HISTORY AND DEVELOPMENT OF MEDIA COMMUNICATION TECHNOLOGY

Friday, 18 December 2020

 

HISTORY OF 

PRINTED MEDIA  


Newspaper

The first regularly (weekly) published newspaper emerged in Paris in 1631, and others popped up in Florence, Rome, and Madrid over the next few decades. While radio, television, and online news serve that function for most people now, newspapers were the first mass medium to collect and disseminate such information. In more than a hundred years, big cities like London and Paris have had about two hundred newspapers including being published daily, weekly and interval from other days. Newspaper, as we know newspapers are a source of information in the country or abroad providing coverage on events, current issues and news.
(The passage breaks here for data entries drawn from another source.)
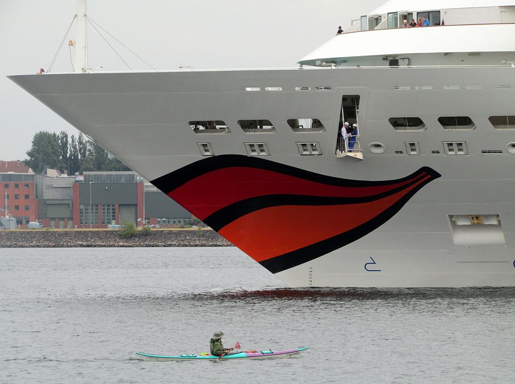 Ich schaue ihr nach, bis sie um die Fördebiegung verschwunden ist und widme mich daraufhin wieder den kuschelnden Kreuzfahrtschiffen, denen ich noch ein Stück entgegengehe. Ein imposanter Anblick, der das Herz jedes Schiffsfans höherschlagen lässt. So natürlich auch meines: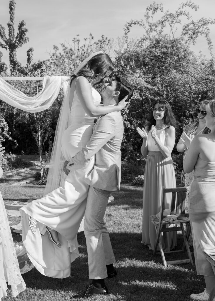 Und dann der Auszug: dieser eine Moment, der alles zusammenfasst, er hebt sie hoch, ein Kuss mitten im Gang, pures Lachen, pures „Wir“. Genau solche Sekunden machen eine Hochzeit zeitlos, weil sie nicht wiederholbar sind und genau deshalb so wertvoll.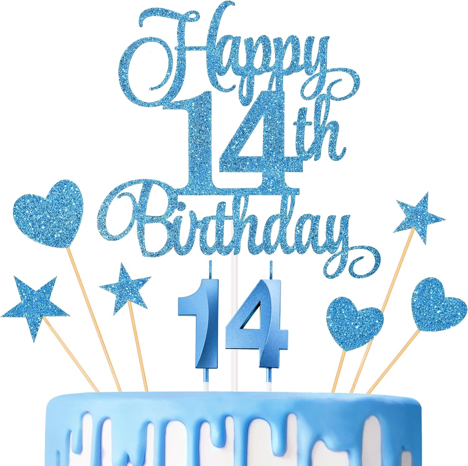 - Package content: you will receive 1 piece happy 14th birthday topper, 3 pieces star cake toppers, 3 pieces heart cake toppers and 2 pieces numeral candles, it's a great addition to the 14th birthday party and anniversary party

Timeline of Events in Newspaper  Publishing

1690s

First newspaper in North America in Boston. Banned after the first issue.

1704s

The Boston News-Letter is the first newspaper published regularly.

1721s- 1729s

Benjamin Franklin publishes New England Courant and runs the Pennsylvania Gazette.

1784s

The first daily newspaper is published in the United States.

1833s

Founder of the New York Sun, changes the pricing, distribution, and content of newspapers

1848s- 1955s

The Associated Press was formed and The Village Voice is published

1980s

The Columbus Dispatch is the first newspaper to publish content online.

1982s

USA Today is launched to challenges newspaper standing

1998s

An online gossip The Drudge Report


  

Magazine

Although newspapers were the first record of daily life in the United States, magazines were the first national mass media, reaching individuals in the late 1700s and 1800s throughout the growing nation. The growth and spread of print as a mass medium took hundreds of years, which seems like an eternity when compared to the spread of audiovisual media.

Timeline of Events in Magazine Publishing

Early 1800s.

The number of magazines increases to about one hundred in circulation by 1825

1828.- 1850s

The first women’s magazine, Ladies’ Magazine, is founded and marks the beginning of the trend toward targeting women as a distinct audience.

1865.

The Nation is published, which focuses on political opinion and caters toward a more educated and liberal readership.

1879–early 1900s.

These changes attract more advertisers, which allows magazine publishers to drop the price per issue below what it actually costs to produce the magazine

1900–1960.

Magazines play a key role in providing in-depth coverage of the World Wars and start to cover the cultural revolutions of the 1960s when they run into new challenges

 1960s and 1970s

As television explodes as the new mass medium of choice, national magazines lose advertisers to the new audiovisual medium.

1970s–present day.

Magazines adapt by becoming more specialized, trying to appeal more to niche rather than general-interest audiences.